After the government charged them with various crimes, defendants asserted a "right not to be tried" under the terms of an alleged prior plea agreement. They sought to bring an interlocutory appeal to the Tenth Circuit to enforce the terms of the agreement. The plea agreement arose from an investigation that had targeted defendants and a corporation in which they were principals, examining their use of falsified construction invoices to inflate the costs of the corporation’s low-income housing projects. To induce the government to focus on the corporation, defendants had resigned from various corporate offices. The government arranged a proposed plea agreement that would have required the company to plead guilty to wire fraud and money laundering, but would have exempted the individuals from prosecution. The district court rejected the plea out of concern that it "let the company’s principals off the hook." The corporation then withdrew its plea and the government dismissed the matter without prejudice. The corporation at first sought to appeal the decision refusing the plea agreement, but then dropped its appeal. The government then indicted the individual defendants. The district court denied their motion to dismiss the indictment based on the prior plea agreement with the corporation, and they appealed.
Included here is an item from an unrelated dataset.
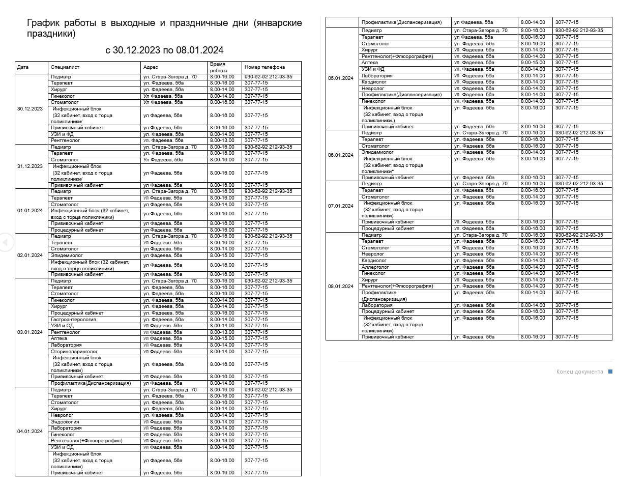 График работы в выходные и праздничные дни с 30.12.2023 по 08.01.2024
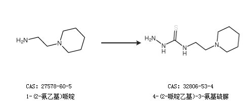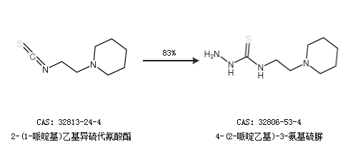 1.通过2-(1-哌啶基)乙基异硫代氰酸酯合成4-(2-哌啶乙基)-3-氨基硫脲,收率约83%;

Defendants argued that because they would lose their right not to be tried under the prior plea agreement, the Circuit should accept immediate jurisdiction under the "collateral order" theory of Cohen v. Beneficial Industrial Loan Corp., 337 U.S. 541 (1949). The Circuit disagreed. The only time an alleged right not to be tried will justify interlocutory appellate review in a criminal case is when a statutory or constitutional provision guarantees that such a trial will not occur. Such provisions include the Double Jeopardy Clause or the Speech and Debate Clause, each of which explicitly prohibits a trial.
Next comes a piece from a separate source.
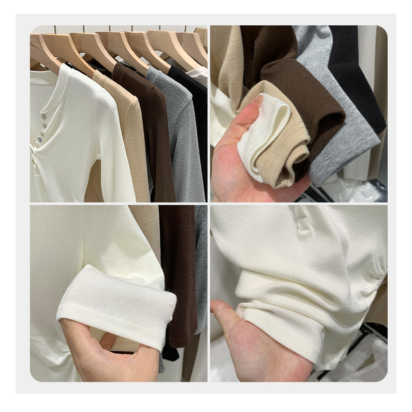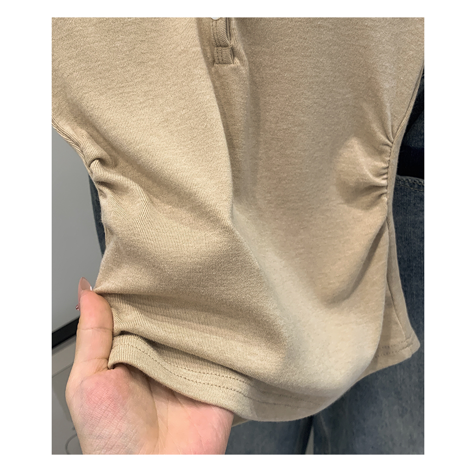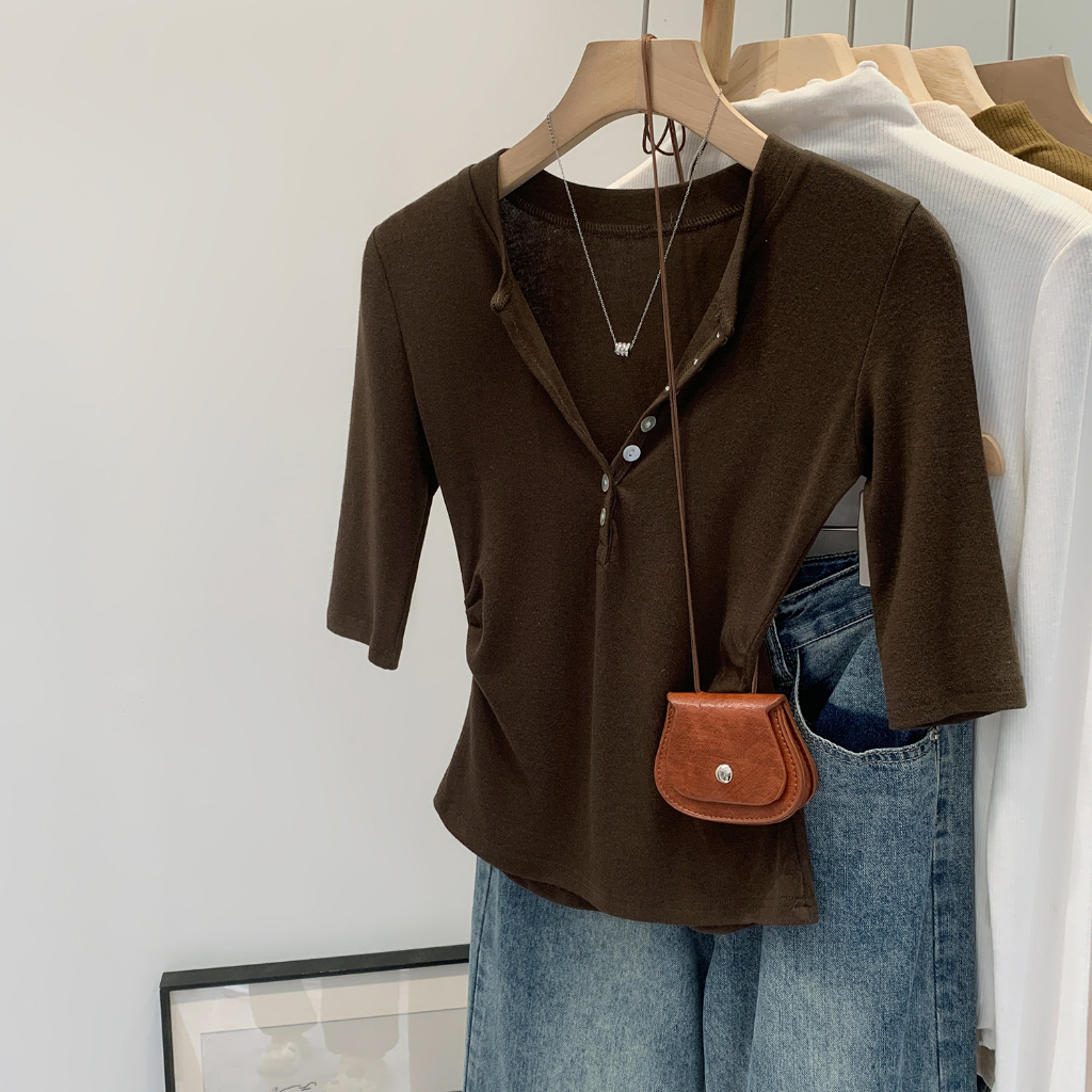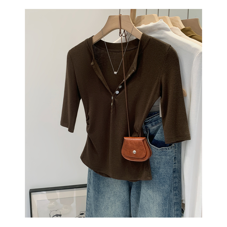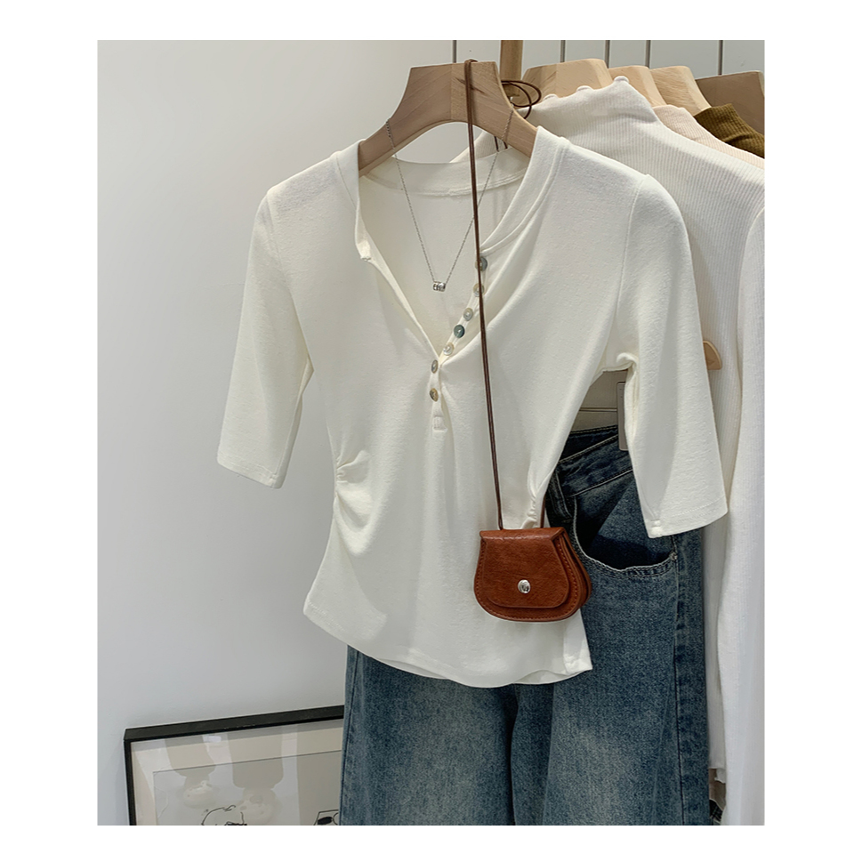 92958 Button Decoration Slim Fit Half Sleeve T-Shirt Women

The Circuit rejected defendants’ argument that the plea agreement gave them a right to avoid trial. Even assuming an executory agreement could grant defendants any rights, defendants’ remedy for a violation of those rights would be an appeal after a conviction rather than interlocutory review. Moreover, amendments to the Rules Enabling Act now require the Supreme Court to make any expansion to interlocutory appeal by rulemaking rather than by case-by-case expansion of the Cohen doctrine. Defendants’ arguments that the district court violated the separation-of-powers doctrine by essentially instructing the government to indict them, or that the government retaliated against them for joining the company’s appeal, did not justify immediate review. Finally, the prior proceedings against their company did not constitute double jeopardy for purposes of the action against the individual defendants. Accordingly, the Circuit dismissed their appeal.